There's the rub. At the end of Into Darkness, after another threat to Earth has been foiled, the Enterprise finally gets their assignment for a five-year mission. Kirk takes the bridge, and Abrams gives us another sweeping shot of everyone in their places making warm, quippy remarks before warping off into the unknown. We then cut to credits over a planetary backdrop. It's literally the last two minutes of the 2009 version--meaning we'll need to wait another three or four years for Kirk and crew to begin exploring outer space.

Where did this all go so horribly wrong? One word: fandom. The studio and filmmakers faced a crucial junction at the end of their wildly successful first movie. They could have acknowledged the timeline rift and pressed on, establishing that this new iteration of the crew was now definitive and free to have their own unique adventures--or they could have used this as a chance to "tweak" plots from old episodes and not work their imagination muscles too much.

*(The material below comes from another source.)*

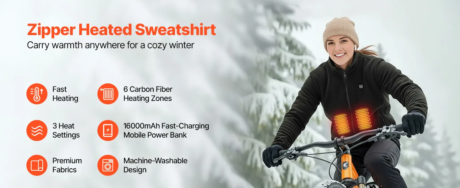 Esta sudadera calefactable cuenta con 6 zonas de fibra de carbono para un calor rápido y uniforme. Ofrece tres niveles de temperatura ajustables y una batería externa de carga rápida de 16 000 mAh.

Sadly, they went with option "B". This isn't inherently a crime, because in the lead-up to the film's release, I read a lot of truly great fan speculation as to how Khan might be introduced into this new timeline. But fans didn't write this movie. The folks behind Transformers and Prometheus did. These are people who think that randomly shoe-horning characters and situations from Wrath of Khan into their story qualifies as exemplary craftwork. It's really just catnip for fans with low self-esteem ("Oooh! They referenced Harry Mudd! These guys really get me!").**

Caught up in cleverness, the filmmakers apparently didn't bother to proof-read their script for logic problems. I'll let things slide on a cool roller coaster of a movie, but Into Darkness was built on tracks made of bubble-gum and push-pins. Why, for example, is the audio/video signal between two starships all warbly when Kirk can have a crystal-clear communicator chat with Scotty (Simon Pegg) that reaches from the bridge of the Enterprise to a bar in London? Why is there no aerial or personnel security during a high-level conference with the heads of Starfleet--whose very purpose is to discuss the capture of an escaped terrorist bomber? Why does Dr. McCoy (Karl Urban) need Spock to capture Khan in order to get a blood sample when there are seventy-two unconscious specimens right down the hall from sick bay?

If you go into Star Trek: Into Darkness with your brain working at even half capacity, it will likely feel more like an intelligence test than a movie--which is a shame. I didn't believe (and still don't) the critics of the first film who claimed it was all flash and no substance. It had weight to spare, at least on an emotional level. But the handful of detractors are on the money with this one, and I have no faith that the next chapter will be anything to write home about, either. The darkness is upon us, friends, and there's not a light switch to be found.

*Sorry, this information is redundant to those of you who read my Wrath of Khan review the other day, but I don't want to leave anyone behind.

**Why is Carol Marcus (Alice Eve) on board the Enterprise? Seriously, why?